DATASET EXTRACT:

• • •

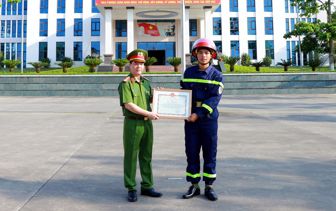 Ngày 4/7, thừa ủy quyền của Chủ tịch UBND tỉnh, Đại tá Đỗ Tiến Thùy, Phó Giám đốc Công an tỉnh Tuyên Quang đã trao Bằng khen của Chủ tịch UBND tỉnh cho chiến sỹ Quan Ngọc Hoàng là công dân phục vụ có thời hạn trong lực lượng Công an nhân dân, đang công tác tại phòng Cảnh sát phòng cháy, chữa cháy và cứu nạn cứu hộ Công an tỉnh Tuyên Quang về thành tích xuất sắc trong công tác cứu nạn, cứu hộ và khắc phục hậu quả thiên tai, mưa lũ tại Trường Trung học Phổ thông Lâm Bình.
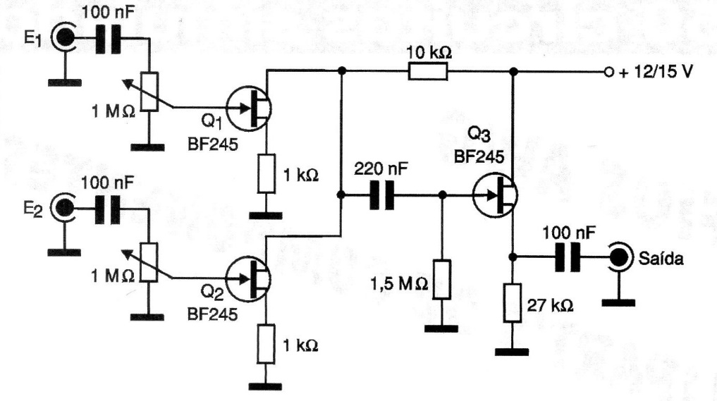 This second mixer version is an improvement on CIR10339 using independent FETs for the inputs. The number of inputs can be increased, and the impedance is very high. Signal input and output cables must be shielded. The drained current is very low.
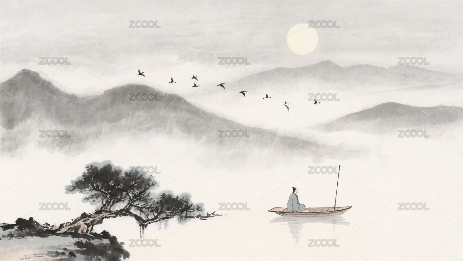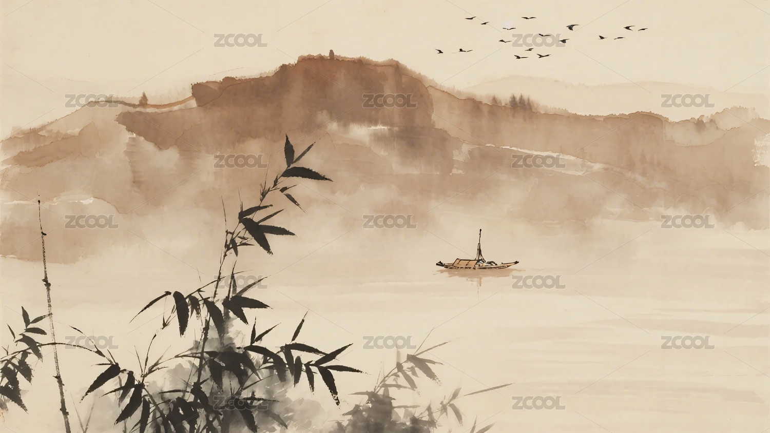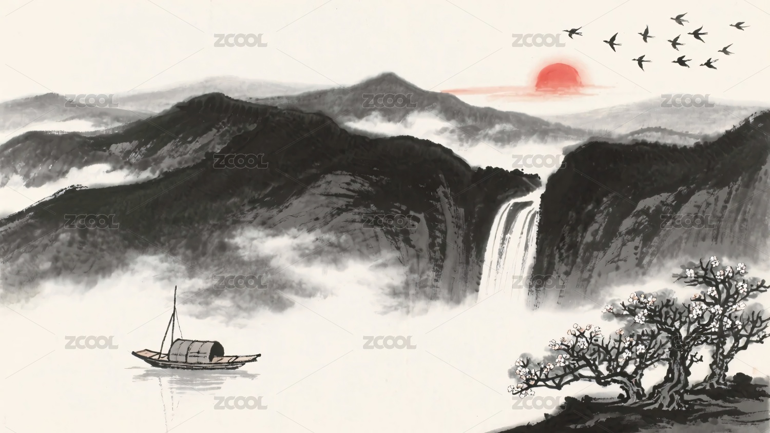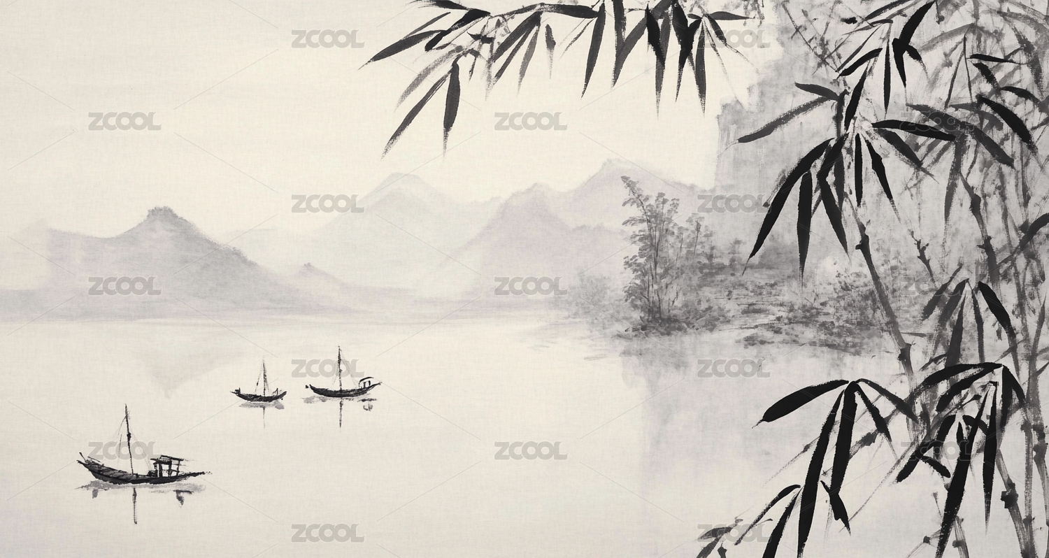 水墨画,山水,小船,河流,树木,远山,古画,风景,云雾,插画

• • •

Output all of the data above exactly; no pictures should appear.

RESULT FOR THIS TASK:
 Ngày 4/7, thừa ủy quyền của Chủ tịch UBND tỉnh, Đại tá Đỗ Tiến Thùy, Phó Giám đốc Công an tỉnh Tuyên Quang đã trao Bằng khen của Chủ tịch UBND tỉnh cho chiến sỹ Quan Ngọc Hoàng là công dân phục vụ có thời hạn trong lực lượng Công an nhân dân, đang công tác tại phòng Cảnh sát phòng cháy, chữa cháy và cứu nạn cứu hộ Công an tỉnh Tuyên Quang về thành tích xuất sắc trong công tác cứu nạn, cứu hộ và khắc phục hậu quả thiên tai, mưa lũ tại Trường Trung học Phổ thông Lâm Bình.
 This second mixer version is an improvement on CIR10339 using independent FETs for the inputs. The number of inputs can be increased, and the impedance is very high. Signal input and output cables must be shielded. The drained current is very low.
 水墨画,山水,小船,河流,树木,远山,古画,风景,云雾,插画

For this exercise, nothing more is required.